In a similar way as explained for locations and/or location identifiers, location groups and/or location group identifiers can have/be associated with a set of attributes. This set of attributes can then apply to any location under the location group. In this way, locations and/or playback devices can be added to the location group and obtain any attributes for the location group so that they are ready to operate as a member of the location group. Similarly, commands for the location group could apply to all the elements under the location group when appropriate.

Location groups can be created based on an input (e.g., a user input). For example, a user may be able to group location via a user interface of the media playback system (e.g., a display of a control device). Furthermore, location groups can be named and configured by the user, in a similar way as explained for locations.

In some instances, location groups can be created based on an event (e.g., a change in the system). The location group can be suggested to the user and/or created automatically by the system based on the event. For example, when locations are split (manually or automatically) into two or more locations, the system can generate a location group for the split locations so that they remain associated and can continue to be addressed collectively (e.g., until a user manually dissociates them). As mentioned before in this disclosure, in some instances locations and partitions exist in a one-to-one correspondence in the system. In these cases, when it is desired to have two or more partitions of a media playback system grouped together (e.g., to address them collectively), the system could associate each of the locations in a location group. In this way, when a user input is received to implement a split under a same location (e.g., block 314 of method 300 in FIG. 3), the system could automatically generate respective locations corresponding to each partition of the split and group them under a location group, rather than having two partitions under a same location.

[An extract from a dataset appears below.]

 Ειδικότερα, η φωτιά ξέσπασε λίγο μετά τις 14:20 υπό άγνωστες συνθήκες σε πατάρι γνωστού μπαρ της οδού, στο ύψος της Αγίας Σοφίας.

As illustrated in additional examples in FIGS. 12B-12D, the media playback system topology can take any form and comprise any number of nodes and levels. As explained before, the media playback system can comprise any number of playback devices (PBDs), partitions and/or locations. Similarly, the media playback system can comprise any number of location groups, groups of location groups, etc. In some instances, the location groups can have other location groups, locations, playback devices and/or any combination thereof directly under the location group node. For example, diagram 1220 illustrates a location group 1222 comprising another location group 1223 and location 1224. Furthermore, location groups can exist even when only one or no location exists under the location groups. For example, diagram 1230 illustrates a location group 1232 comprising a single location 1233 in turn associated with a single partition 1234.

Location groups can be added to the topology data structure in the same way as locations and/or any other node. They can be identified by the location group identifier and a type of node “location group”. They can also be indexed by system, user, locations, playback devices, etc. Location groups can also be mapped to other nodes and resources in the same way as any other node.

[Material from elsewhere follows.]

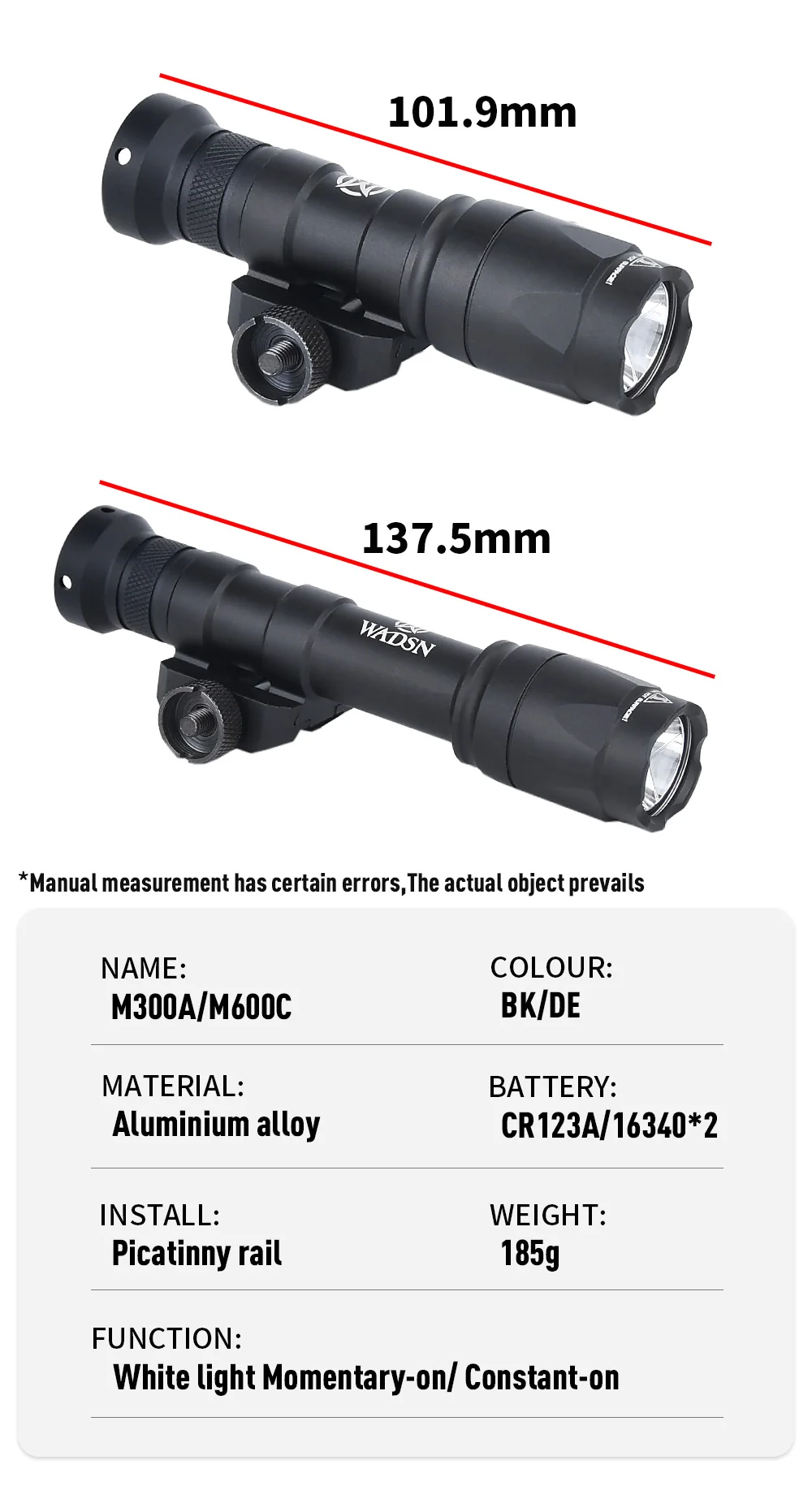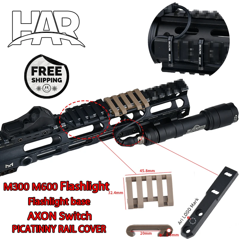Linterna Surefir M300 M600 con interruptor de presión remoto de doble función AXON con Base de linterna con riel de 20MM de cuero de 5 ranuras

Similarly to locations and location groups, other resources/nodes in the system can be grouped and/or form new nodes in the topology. For example, groups of playback devices in a particular partition or location could be represented by nodes under the partition or location in the topology. As another example, a zone of one or more playback devices could also be represented as a node in the topology. Each of these nodes can be associated with a node identifier and/or a set of attributes that would apply to the particular node and optionally to any node under the particular node, in the same or similar way as explained for locations and location groups. In this way, a playback device can be configured to operate in accordance with the attributes (e.g., settings, commands, permissions, entitlements, etc.) of any or all the nodes above it in the topology (e.g., the zone it belongs to, the location it belongs to, the group of locations it belongs to, etc.). In some instances, when the attributes overlap or conflict, the playback device can be configured to operate under the attributes of the node that is closest to it in the topology. For example, if a location is entitled to use two different media services (e.g., is subscribed to two different media services) but the zone the playback device is assigned to is configured to use only one of the two media services, the playback device can be configured to use the only one media service to which the zone is entitled. In other instances, when the attributes overlap or conflict, the playback device can be configured to operate under the most restrictive set of attributes. For example, if the location to which the playback device belongs has a maximum volume limit of 100% but the maximum volume limit for the location group comprising such location is changed to 50%, the playback device can be configured to operate with the most restrictive 50% volume limit. In this case, the locations (or any other node) under the location group could also be configured to operate with the new volume configuration. Other examples are possible.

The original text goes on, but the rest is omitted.